Je me souviens du premier cours que le grand juriste a donné en Espagne Luis Recasens Sichés, Sous-secrétaire de la République et exilé, à son retour en Espagne. Il nous a raconté l’anecdote, réelle ou inventée, d’un paysan polonais qui, au début du XXe siècle, s’approchait de la gare d’une ville de Pologne avec l’intention de monter dans le train avec rien de moins que son ours. Le conducteur l’a empêché d’entrer sur le quai en montrant au sujet en question l’avis clair écrit à la gare. « Interdit d’entrer avec des chiens sur le quai ».

Mais l’agriculteur, qui aurait dû étudier gratuitement la logique déontique, a objecté qu’il ne transportait pas un chien, mais un ours, et que l’affiche ne disait rien sur les ours. Mais le conducteur, qui a fait preuve de bon sens, a empêché l’accès de l’ours. arguant que si les chiens avaient été interdits en raison des désagréments qu’ils pourraient causer aux voyageurs, les ours pourraient causer davantage de désagréments. Le conducteur, qui ne semble candidat à rien, a donc appliqué la logique de la raison et a empêché l’ours de monter dans le train.
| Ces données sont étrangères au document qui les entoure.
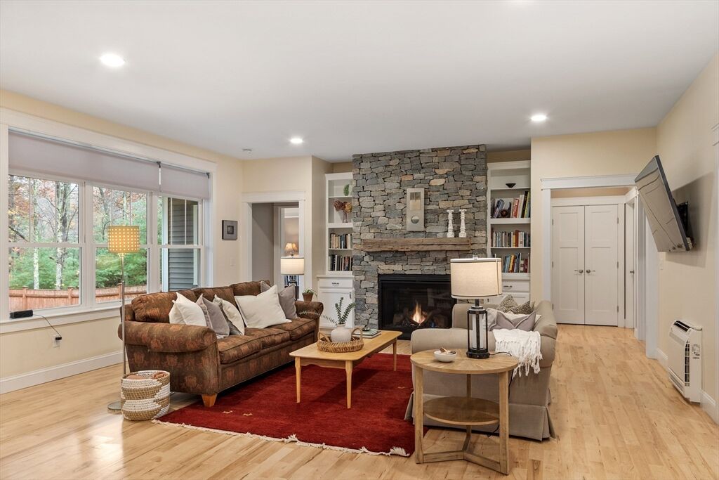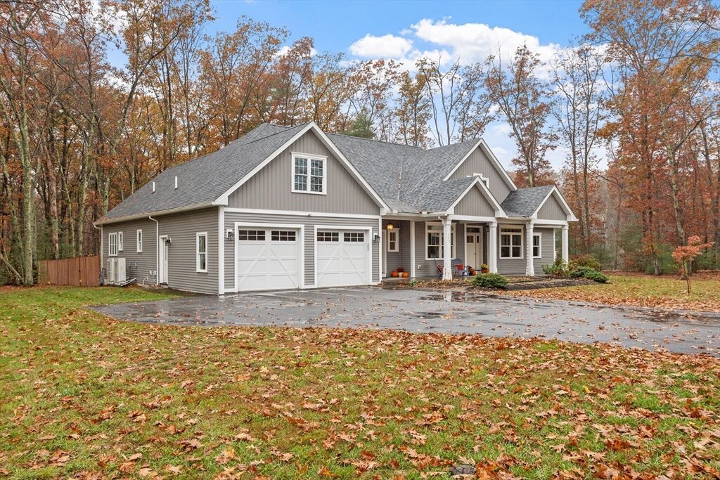Rare opportunity! This 6-year-young custom ranch blends quality craftsmanship, energy efficiency, and modern comfort on a quiet country road. The covered porch welcomes you into a spacious mudroom that opens to a bright, open-concept living area with gleaming hardwood floors, large windows, and a cozy gas fireplace.The chef’s kitchen features quartz countertops, custom cabinets, and a large island. Sunlit dining and living spaces flow seamlessly to a private fenced backyard with a patio—ideal for relaxing or entertaining. The main suite includes a walk-in closet and a spa-like bath with double vanity and quartz finishes. Three additional bedrooms offer large closets, and the 2nd full bath has double sinks and separate tub area. A two-car garage and expansive unfinished basement provide excellent storage and expansion potential. Updates include mini-split systems, owned solar panels, water filtration, and a backup generator. Convenient to Hudson Center, Highland Commons, and I-495/I-290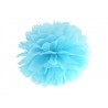 Pon pon in carta velina colore azzurrp, per dare un tocco speciale alla decorazione della festa. Possono essere appesi al soffitto oppure collocati sul tavolo. Il pon pon è inviato piatto ed è facile da assemblare, basta aprire la sfera e separare gli strati di carta.

« La logique de la raison nous dit que les comportements qui s’inscrivent dans le même cercle de similitude doivent recevoir le même traitement »

Ici, notre ours est une loi d’amnistie que certains partis indépendantistes, renforcés malgré leur défaite électorale retentissante, exigent l’approbation en alléguant que l’article 62.i de la Constitution ne dit rien sur les amnisties.

Mais la logique du raisonnable et le principe d’égalité, qui est une valeur supérieure de notre Constitution, nous disent que tous les comportements qui s’inscrivent dans un même cercle de similarité doivent recevoir le même traitement. Qu’un ours est bien plus dangereux qu’un chien. Celui-ci « interdit de marcher sur l’herbe » interdit implicitement et a fortiori de l’arracher. C’est un moins, ad maius. Que si les électeurs avaient interdit les grâces générales comme mesure de grâce, à plus forte raison ils interdisaient les amnisties. Il semble que cela soit raisonnable.

Certaines personnes aiment le plus le gruyère, ce sont ses trous. C’est la même chose qui arrive à certains partis indépendantistes qui, au lieu de proposer la réforme de la Constitution, recourent à des raccourcis, inventent des trous, pour annuler ses protections. Aujourd’hui avec l’amnistie et demain avec le référendum d’autodétermination.

L’usage alternatif du droit est revenu en Espagne. Mais maintenant, cela ne s’applique plus contre le franquisme, comme cela se faisait dans les années 70, mais directement contre l’État constitutionnel. Personne ne doit être induit en erreur sur les véritables enjeux.

*** Virgilio Zapatero est professeur émérite et ancien recteur de l’Université d’Alcalá et ancien ministre des Relations avec les Tribunaux.